When I got home that day, I saw that the
garage door was open. My dad was working on his pick-up truck. It
was an older model Ford—actually it was older than me—and required
regular attention. He was lying under the truck, his legs sticking
out from the front of it, and I could hear him fiddling with
something underneath.

I dreaded having to talk to him, because of
what my mom had told me that morning—that he thought I needed to
see a psychiatrist. But I reasoned I better nip that idea in the
bud before it went too far. Somehow I had to convince him that I
didn’t need counseling, and I wasn’t sure how to do that. There are
probably a million ways you can prove to somebody that you do have
issues, but how do you prove that you don’t?

So I decidedto put up a perky front. Perky
girls always seem to be accepted as well adjusted, although,
personally, they always gave me the urge to vomit.

I walked into the garage, and said in a
light, airy way, “Hey!”

I must have startled him, because a wrench
clattered on the cement floor.

“Julie, is that you?” he called from under
the truck.

“Yeah,” I chirped.

“You almost gave me a heart attack,” he
complained. “What are you doing home from school?”

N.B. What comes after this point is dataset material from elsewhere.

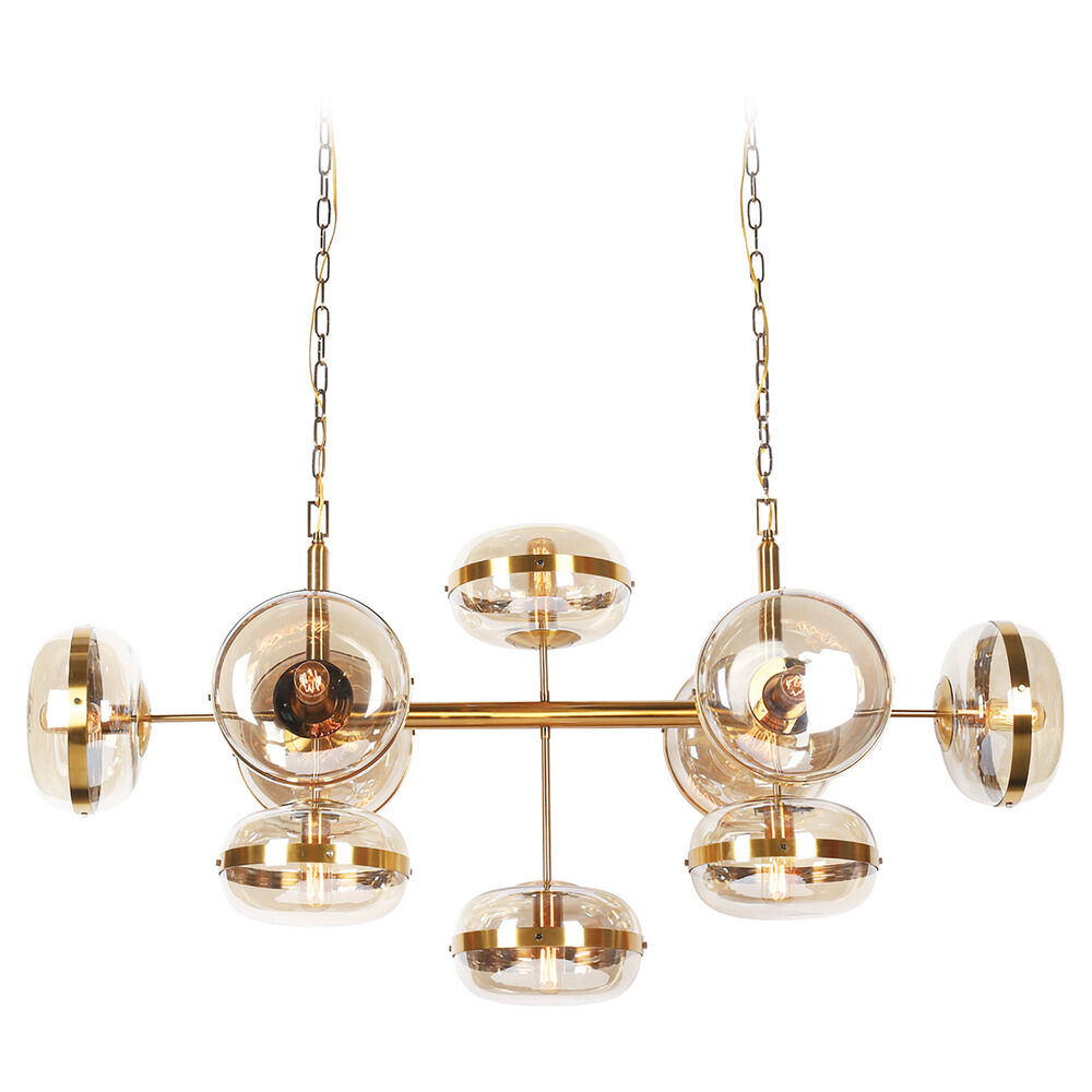 Nottingham 10-Light Oval Chandelier, Antique Brass Finish, Amber Tinted Glass Orbs with The rich brass color creates an inviting ambiance despite its industrially austere design. <li>Product Type: Chandelier<li>Fixture Style: Transitional<li>Shade Shape: Orb<li>Hanging Support Type: Chain<li>Hanging Support Length: 72 inches<li>Chain Length: 72 inches<li>Slope Ceiling Compatible: Yes<li>Location Type: DRY Location<li>Bulbs Included: Yes<li>Dimmable: NO<li>More information: 10 x 60W Edison Bulbs E26/120V (included)<li>More Information: Amber Tinted Glass Orbs Included<li>More Information: Hanging Support Type: Chain<li>More Information: Rated for dry locations<li>Canopy Backplate Length: 31 Inches<li>Canopy Backplate Height: 1 Inches<li>Canopy Backplate Width: 6 Inches

“Uh, because school is finished.”

“Oh, it is that late?”

“Yeah.”

“Did you eat lunch today?”

“Yeah,” I said, my perky façade sustaining a
crack; he was always harping about my weight and how I was too
thin.

I stepped over to the workbench, and jumped
up to sit on it. My feet dangled over the oil-stained floor. If I
was going to carry on a conversation with a couple legs sticking
out from under a truck, I wanted to be comfortable at least.

“What did you eat? Not much, huh?”

“I ate plenty,” I said.

“What’s plenty? Two, three bites?”

“Plenty is plenty.”

“You eat any meat?”

“No, I did not.”

“You need your protein.”

“Vegetables have protein.”

“It’s not the same,” he said.

By now my perky façade had completely
crumbled, and I was my grumpy old self. Apparently I couldn’t even
pretend to be normal.

“Dad, please, I’m tired of hearing about it,”
I said.

“Well, then do something to put on a few
pounds.”

“I’m up to ninety-nine pounds, and that’s
normal for somebody five-foot-one.”

A large grimy hand popped out from under the
side of the truck. Its thumb was pointed upward.

“Number one, I doubt that you weight
ninety-nine pounds, and number two--” The index finger of the grimy
hand went up—“you’re at least five-foot-four.”

“Well, I am eating. I don’t know what else to
do. This is just the way I am.”

“Maybe if you tried lifting weights,” I
said.

I wasn’t sure I’d heard right. “What?”

“Lifting weights. I have enough equipment in
the basement. You’ll pack on some muscle.”

I grimaced at the thought. My dad was such a
regular guy. He did guy things: worked on cars, lifted weights,
blow his nose without using a Kleenex. He saw the world in such
simple terms. If you’re too thin, eat more. If eating more doesn’t
work, then lift weights. Every possible problem had a simple
answer. But the simple answer in my case eluded him: I was thin
because that was how I was meant to be.

“Dad, lifting weights, really?”

“Sure,” he said. “Lots of girls lift weights
these days.”

“It’s just not me,” I told him.

“You have to do something.”

“How about being myself,” I said, but he
didn’t seem to hear me.

I listened to him grunt. He must have been
trying to get off an especially stubborn bolt. Finally he gave up
and wiggled out from under the truck. He stood up and dusted off
the front of his pants. Even grimy and oily, he was a very handsome
guy. Evidently I hadn’t inherited many of his genes. In the way of
looks, the only thing I had got from my dad was the cleft in his
chin. It made him appear manly, while on me it just looked like a
pit in my face that didn’t belong there.

He looked at me with somber eyes, and said,
“Mrs. Stock called today.”

“Why?” Mrs. Stock was my counselor at school,
and, really, there was no reason for her to call my parents.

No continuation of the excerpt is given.